By Scott Graves
Pilot staff writer
I've been married for 13 years. That's 13 Valentine's Days. You'd think that by now I'd have this gift-buying thing down pat. You'd be wrong.
There's one thing going against me and all men on this planet: We're guys.
Struggling with what to get the love of our lives for Valentine's Day is preordained. It's an inherited trait that plagued our fathers and our father's fathers, and every generation of our families since Adam and Eve's time. Back then, Adam didn't have a clue what to get Eve. That's why he was off searching paradise for the perfect gift while Eve knew exactly what to get an apple.
So Valentine's Day is nearly here, and if you're a guy, you're probably waiting to the last minute to purchase a gift. Have no fear. This issue of the Curry Coastal Pilot is filled with advertisements offering plenty of CYA options.
There are plenty of romantic items to buy that special someone: lawn mower, big screen TV, Halo 3 video game ... oh wait, those are items on My Valentine's Day gift list.
For her, you can get something truly romantic such as a new blender, set of towels or electric toothbrush. I also see that plastic storage totes are on sale at Fred Meyer.
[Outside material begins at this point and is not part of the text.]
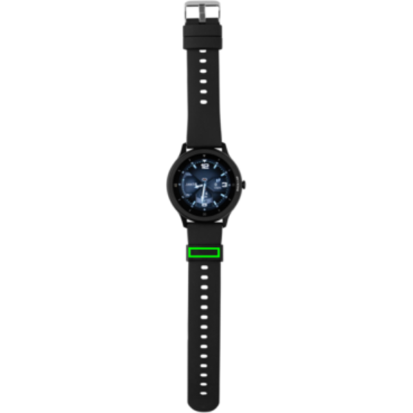Moderni suorituskykyinen kello 1.28:n tuuman pyöreällä, nopeasti reagoivalla kosketusnäytöllä. Kellolla seuraat aktiviteettejäsi koko päivän. Korkean resoluution näyttö. Valmistettu RCS (Recycled Claim Standard) sertifioidusta kierrätetustä TPU:sta (ranneke) ja kehys on sinkkiseoksesta. Kierrätetyn materiaalin kokonaismäärä: 23% perustuen tuotteen painoon. RCS sertifiointi varmistaa kierrätettyjen materiaalien täysin sertifioidun toimitusketjun. Toimintoihin sisältyy: askelmittari, kalorit, etäisyys, multi-sport -toiminto (24 erilaista), herätyskello, sykemittari, verenpainemittari, unimittari, kalenterin päivitykset, ilmoitukset: tekstiviestit, Facebook, Skype, WhatsApp ym. Sopii yhteen Android 4.4 ja iOS 8.0 ja uusimpien mallien kanssa. IPX 68 veden- ja pölynkestävä. BT5.0. Standby-aika 25 päivää ja toiminta-aika jopa 7 päivää. Sisältää klippilaturin, jolla ladata kellon. Pakattu FSC®-sekoituksesta valmistettuun kraft-pakkaukseen. Tuote ja lisätarvikkeet 100% PVC-vapaita.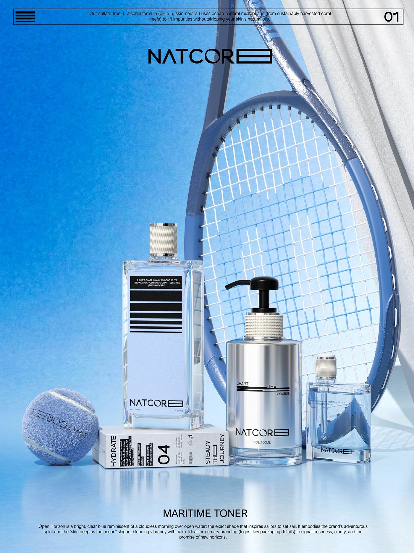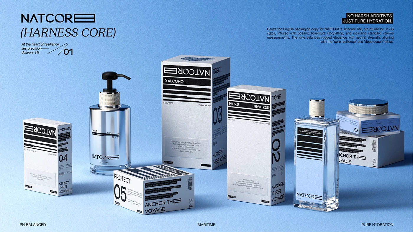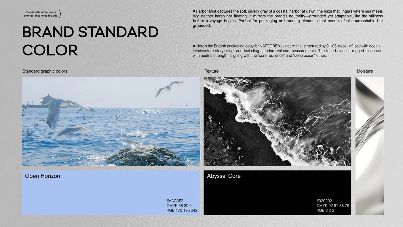 NATCORE 护肤套装包装以 “深海” 与 “冒险” 为核心设计灵感,构建专属核心色彩体系 —— 港湾雾银灰复刻黎明海岸的柔润质感,呼应品牌沉稳适配的中性特质;无垠晴空蓝再现无云海面的澄澈明亮,彰显探索精神与 “肌如深海” 的品牌主张。包装文案秉持 “无刺激・纯保湿” 理念,以粗犷优雅与中性力量兼具的调性,紧扣 “坚韧” 内核传递 “深度不暗沉,力量御潮汐” 的品牌态度。设计适配 logo、关键包装细节等核心场景,既通过海洋叙事营造清新澄澈的探索意境,又以精准的视觉与文字表达,强化品牌辨识度与质感,契合多场景传播需求。

Of course you're going to need some money which most of us guys are habitually short of. Again, have no fear. I have the perfect solution: panhandling.
According to a report by the Associated Press this week, "a police survey says pandhandlers outside a Wal-Mart in Coos Bay can make $300 a day. Inside, it takes a clerk a week to make that much."
And panhandling is legal!
According to the report, police say asking for money is considered protected free speech.
In fact, Coos Bay Police Capt. Rodger Craddock was quoted as saying most panhandlers are residents and do it as their chosen profession.
I argue that a few of them are there desperately trying to raise money to buy their girlfriend a lawn mower or big screen TV for Valentine's Day.
Frankly, I'd like to avoid the holiday altogether, but I can't; I'm married. Therefore, I have to come up with something romantic for my wife. (This column definitely won't cut it.)
So, if you run out of time, money or ideas on what to get your loved one, consider doing the following:
Leave the toilet seat down all day.
Give up control of the TV remote.
Dress and feed the kids.
Rub her feet warts and all.
Cook dinner even if all you can make is cheese and mac.
If necessary, stop and ask someone for directions. Better yet, let her drive.
Pick up the wet towels from the bathroom floor.
Don't brush your teeth in the shower.
Stop talking about lawnmowers and big screen TVs.
Wear pants around the house.
And, finally, although it pains me to say this,
Let her have the final word in an argument.
Just do something, anything, that shows her that you don't take her for granted. Which happens the other 364 days a year.